If one achieves self-love & world-wonder, then what? What do you do with yourself if you are perfectly content with yourself and your life situation? I think part of the reason we create so many projects for ourselves (renovate the kitchen, lose 10 lbs, obtain a degree, etc.) is an effort to defeat the possibility of boredom. Maybe we create feelings of inadequacy in order to have something to "fix" and AHA! A project is born.

That is pathetic.

There should be only one answer: do what you are passionate about. If you love making music or solving math equations or talking to old people - DO THAT. Do what fills you with joy, intensity, or calm, or whatever you consider a manifestation of your passion. You can have more than one. You can change your mind. But do what stokes that fire within you, DO what contributes to your zest for life.

If you are creative and imaginative enough, you won't have to sacrifice your passion for some dull career you're not interested in but need to pay the bills. If you work at your passion and give 100% effort and think outside the box and do whatever it takes, you will find a way to make it happen. And if you've come to love yourself and be at peace with the workings of the world, your path will be that much easier.

What fills you with that fire? A difficult question, I am sure. What fills you with desire and longing that is not a tangible object? Think hard, think very very hard. And then find a way to make it happen. If the creativity switch in your brain has been switched to "off" for far too long, enlist the aid of others.

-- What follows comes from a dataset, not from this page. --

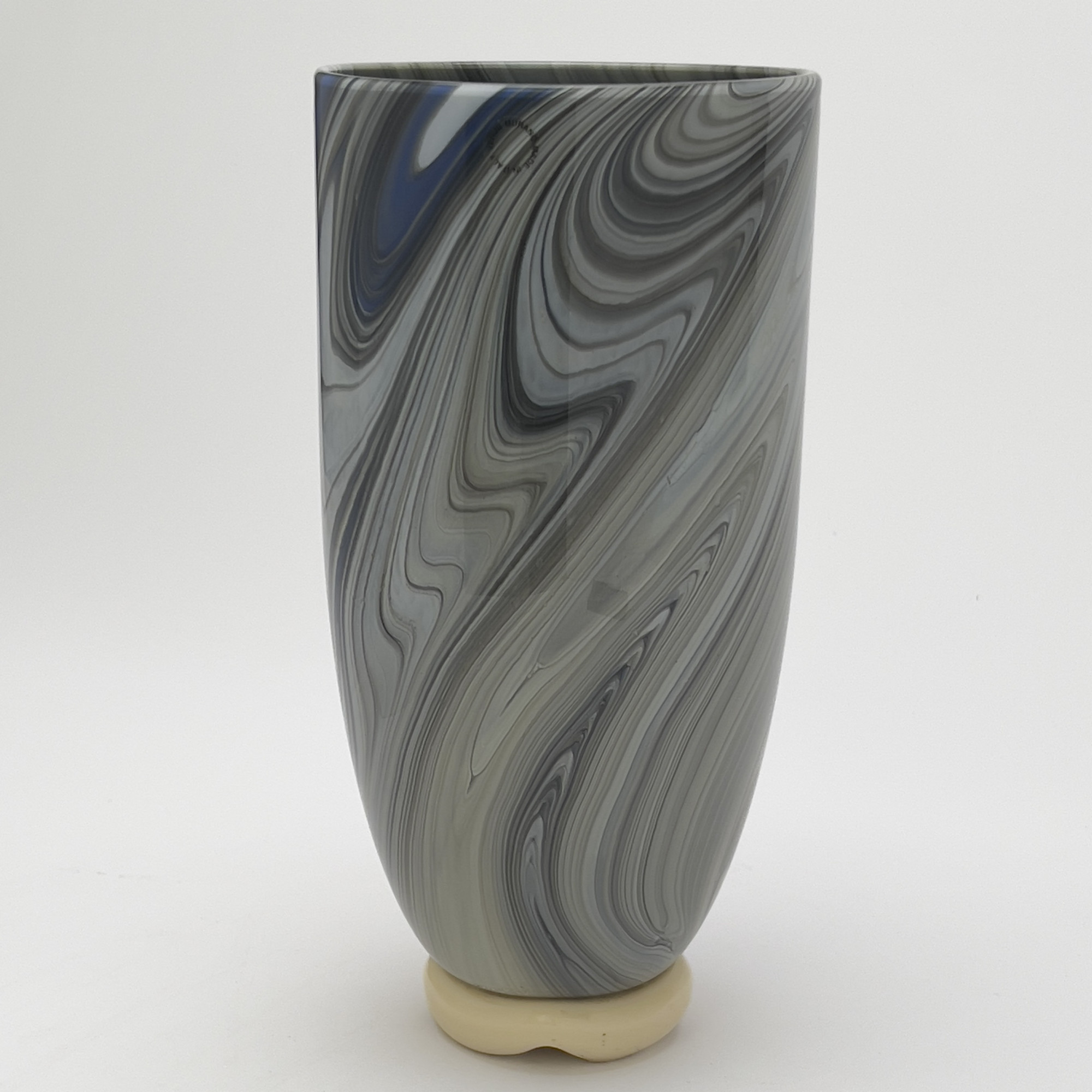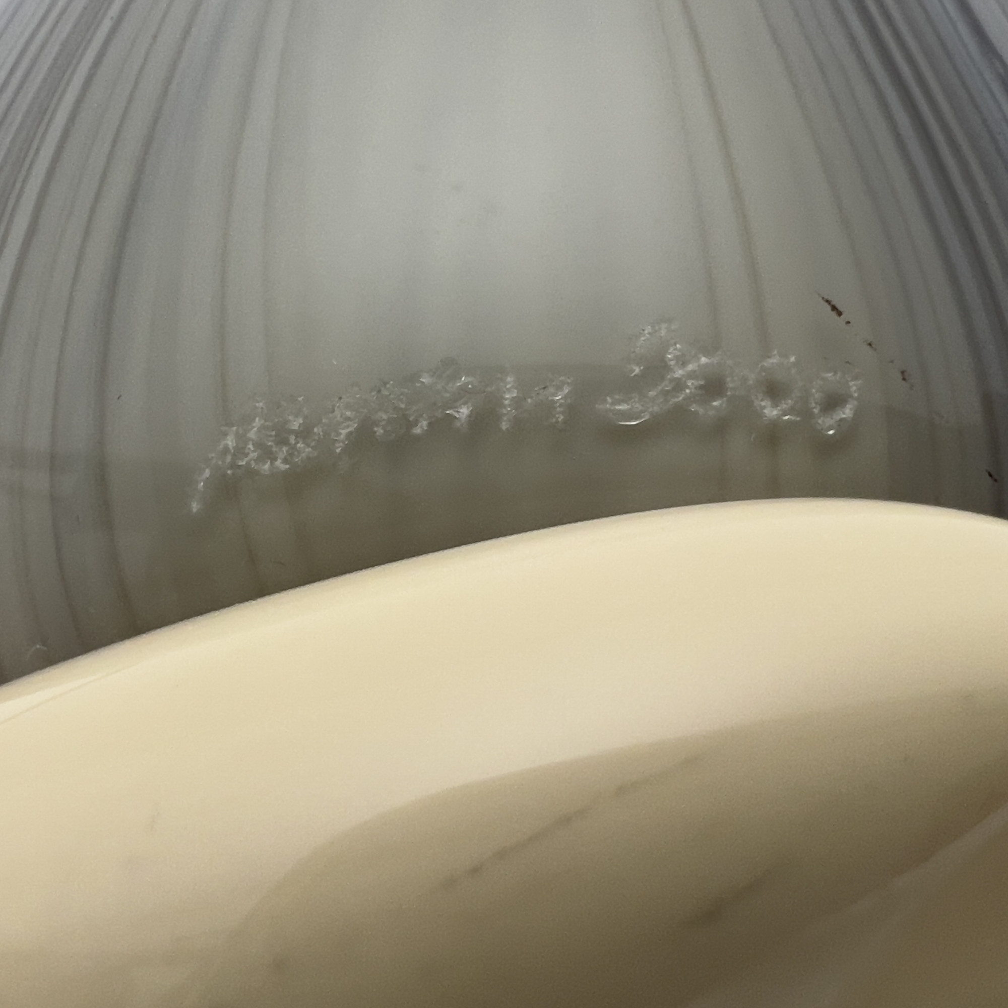 marbled glass in shades of gray on a cream white base with Venini Murano sticker
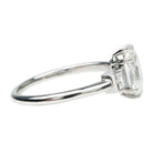 Handcrafted in platinum, this three stone ring features a central diamond flanked by two carré cut stones. This example features a main antique 1.25 carat elongated old mine cut diamond.

Get them to help you come up with a solution, an opportunity, anything.

Maybe you want to be a mail man, a nurse, or a nuclear biologist. Maybe you don't want a "job" and you want to create and wander and profess - it doesn't matter - the point is that if you put 100% towards it (have you ever put 100% effort towards any goal?) the only possible outcome is success - it will be achievable (if you don't reach your goal, you haven't tried hard enough or exhausted all options). We are trained and we train ourselves to believe that there are certain things we can't achieve - but this is simply not true. You can achieve ANYTHING, but you have to want it badly enough and devise ways to get there.

And if you do what you're passionate about while accepting yourself and your decision to follow this path, you will be happy.

And that can't be taken away without your say-so.